Closed amotl closed 6 years ago
When working on PatZilla, we actually remember having problems converting TIFF images from the patent data universe with a regular Python PIL library due to some obscure special TIFF features the images might be using.
After digging for the relevant details, we found a comment from the past in the patzilla.util.image.convert.to_png
function:
# Unfortunately, PIL can not handle G4 compression. # Failure: exceptions.IOError: decoder group4 not available # Maybe patch: http://mail.python.org/pipermail/image-sig/2003-July/002354.html
and the file header says it actually is a "bi-level group 4"-type image:
file DATA/Lentille/PatentImages/WO2011015115-1.tiff
TIFF image data, big-endian, compression=bi-level group 4, [...]

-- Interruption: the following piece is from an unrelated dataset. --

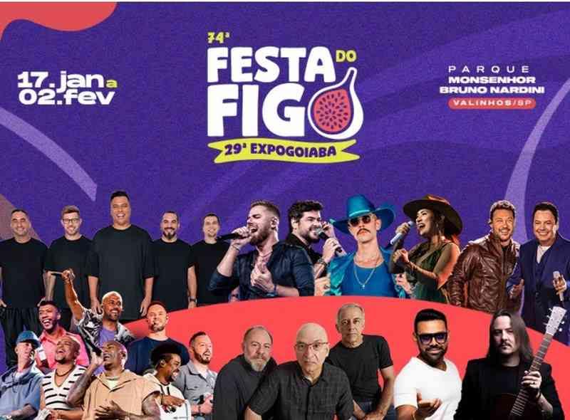 11 artistas em nove dias de festa estarão se apresentando no palco principal da 74ª Festa do Figo e 29ª Expogoiaba da cidade de Valinhos, interior do Estado de São Paulo, que vai acontecer entre os dias 17 de janeiro e 02 de fevereiro de 2025. O evento promete agitar a população valinhense e de toda a Região Metropolitana de Campinas. A festa, que vai acontecer no Parque Monsenhor Bruno Nardini, conta com o apoio da Prefeitura Municipal de Valinhos, e tem a realização da Organização Estrela, uma das maiores empresas de entretenimento do Estado de São Paulo.

To mitigate the issue, we had to resort to the "convert"
tool of ImageMagick fame and never looked back. Let's just go ahead and reuse this recipe from PatZilla in Patent2Net, if you don't have any objections.
hey @amotl , thanks for checking this issue and also making the PR!
I have a compiled Pillow with full support for TIFF images, at least I could make it work with thousands of images that I tested with EPO. But I don't think it's easy to have it compiled in different environments, specially on Windows, so I think your proposal makes sense for P2N.
Hey @rfaga,
good to know this actually is possible with Pillow. Would you mind sharing your installation instructions for others to reproduce? Maybe i will also give it a try.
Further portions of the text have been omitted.